Review: This movie sucks. Let’s just get that out there at the start so you can never ever say you weren’t warned. I’m pretty forgiving when it comes to these types of PG-13 horror flicks but even I have a breaking point. Maybe it was because I lament the mid-level studio film that’s slowly disappearing in favor of endless sequels and franchise starters, but I really was rooting for Wish Upon to be 90 minutes of harmless fun. Be careful what you wish for.

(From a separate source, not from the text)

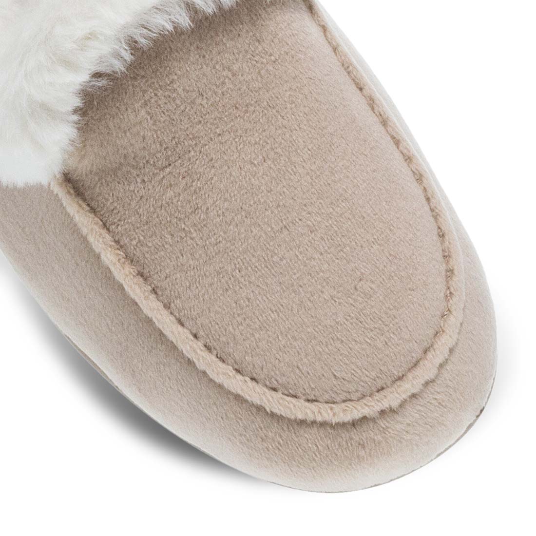 Κλειστές γυναικείες παντόφλες σπιτιού με λεπτομέρειες από συνθετική γούνα. Διαθέτουν μαλακό ύφασμα εξαιρετικά ζεστό και απαλό. Ξεκούραστο και άνετο πάτημα.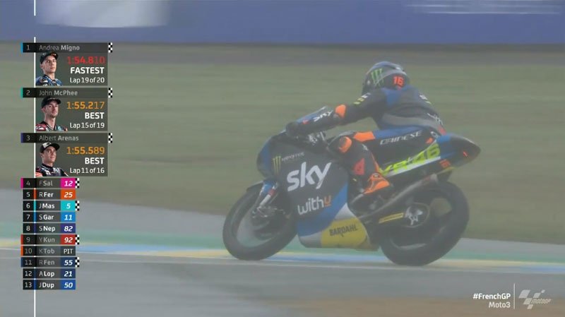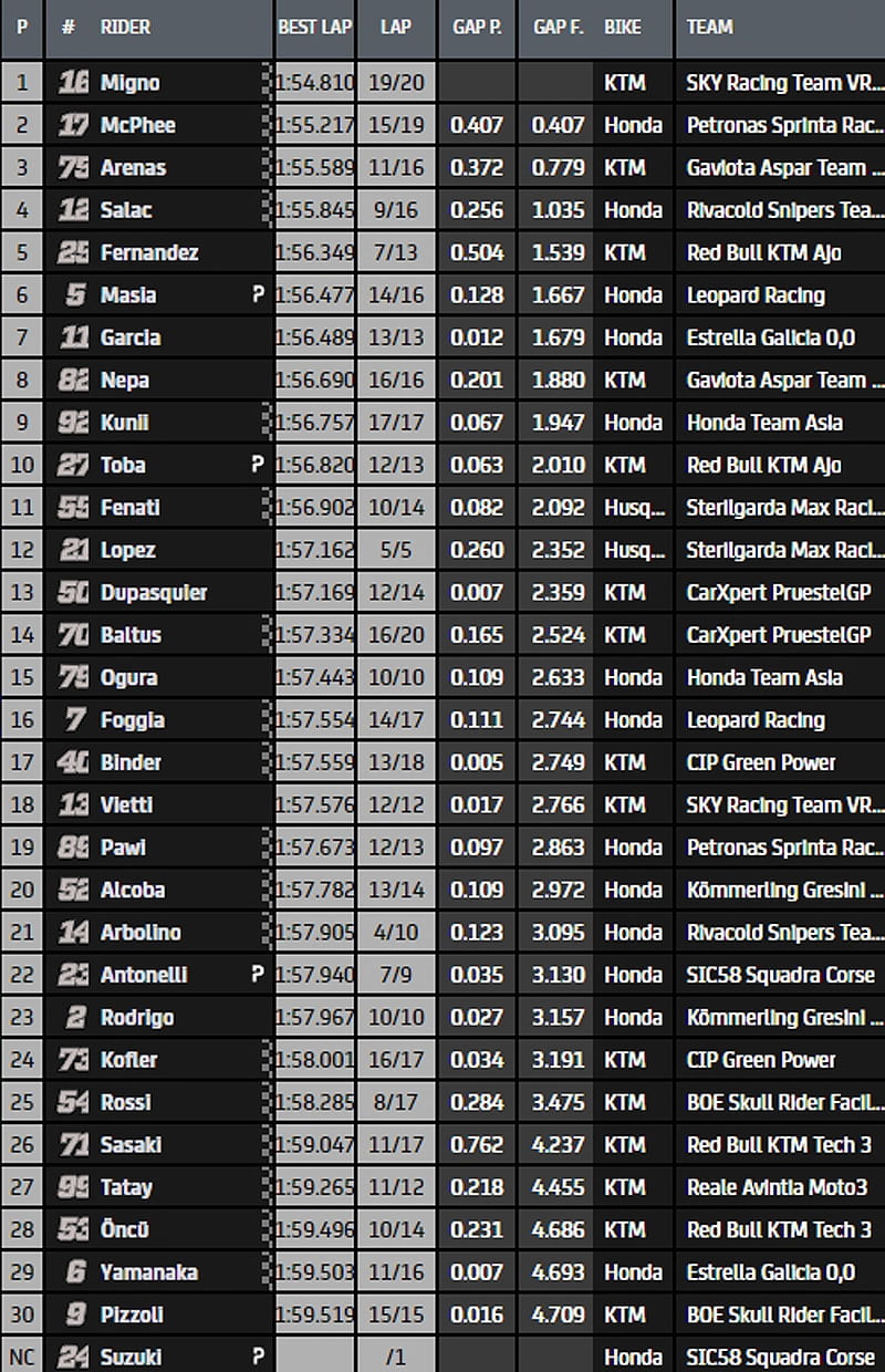 Andrea Migno (KTM, Sky Racing Team VR46) semble particulièrement à l’aise dans ces conditions très précaires et s’empare du leadership en 1’55.432 alors que Ai Ogura (Honda, Honda Team Asia) part au sol à la chicane Dunlop.

Supposedly, the budget for Wish Upon is a staggering 12 million dollars, not exactly cheap considering decent horror films like Split, Insidious, The Visit, and The Purge franchise were made for considerably less. I’m not exactly sure where that 12K was spent. It surely wasn’t on the director, John R. Leonetti (Annabelle) who doesn’t seem to understand how to assemble a movie, much less how to create any kind of sustainable tension. It definitely wasn’t on Barbara Marshall’s threadbare amateurish script which feels an outline of an idea never fully fleshed out. It certainly wasn’t spent on a decent casting director based on a ensemble of forgettable faces almost entirely dead behind the eyes.

A Chinese wish box is the MacGuffin at the center of our tale. Given as a gift to high schooler Clare (Joey King, White House Down) by her dumpster diving dad (Ryan Phillippe, I Know What You Did Last Summer) it’s a good thing Clare is taking Intro to Chinese because she quickly translates that the box will grant her seven wishes. If only she had been in an AP class, she’d have been able to see the warning that went along with it. See, for every wish granted someone she knows will meet a gruesome end…well as gruesome as Wish Upon’s teen friendly rating will allow. As she uses her wishes up on important things like wealth, admiration of her peers, the attention of a hot senior, revenge on a tyrannical mean girl, and for her dad to be less embarrassing (no, really), she gets ever closer to the final wish for which she’ll pay dearly.

A big problem is that our lead protagonist vacillates between being so bafflingly clueless and knowingly reprehensible that you feel nothing for her. It doesn’t help that King is far from up to the task of carrying a movie on her own, too often looking like she can’t decide if she wants the chicken or the beef for lunch. Phillippe is a sad sack in his taped on beard that mysteriously grows and shrinks in size and the less said about his badly faked saxophone playing, the better. Though she’s etched herself on a commercially large canvas, I at least appreciated Sydney Park’s energy as King’s sassy friend…she’s light years better than Shannon Purser (crazily Emmy-nominated as Barb from Stranger Things) who’s acting chops are so green she literally can’t walk and talk onscreen at the same time.

I’m wondering if the studio gave Leonetti and editor Peck Prior a note to tighten the film up because there’s an alarming number of short scenes that don’t make sense when stitched together. Some people are barely introduced only to be swiftly killed before you ever know their name.   It’s just a mish-mash of plot contrivances spewed forth with no one to corral them into anything resembling a cohesive product. As it strenuously plods to its conclusion, the shrieks shrink and the laughs loom large.

It’s not an entirely thumbs down idea for a movie if I’m being totally honest and with a better director, a more polished screenplay, and just more risk-taking in general (clearly the film was edited down from a gorier R-rated escapade) something far more entertaining could have been accomplished. There’s a myriad of problems with countless aspects of the movie, so many in fact that if the film has any redeeming quality it’s that it could be used as grave warning for future filmmakers on just how badly you can screw up.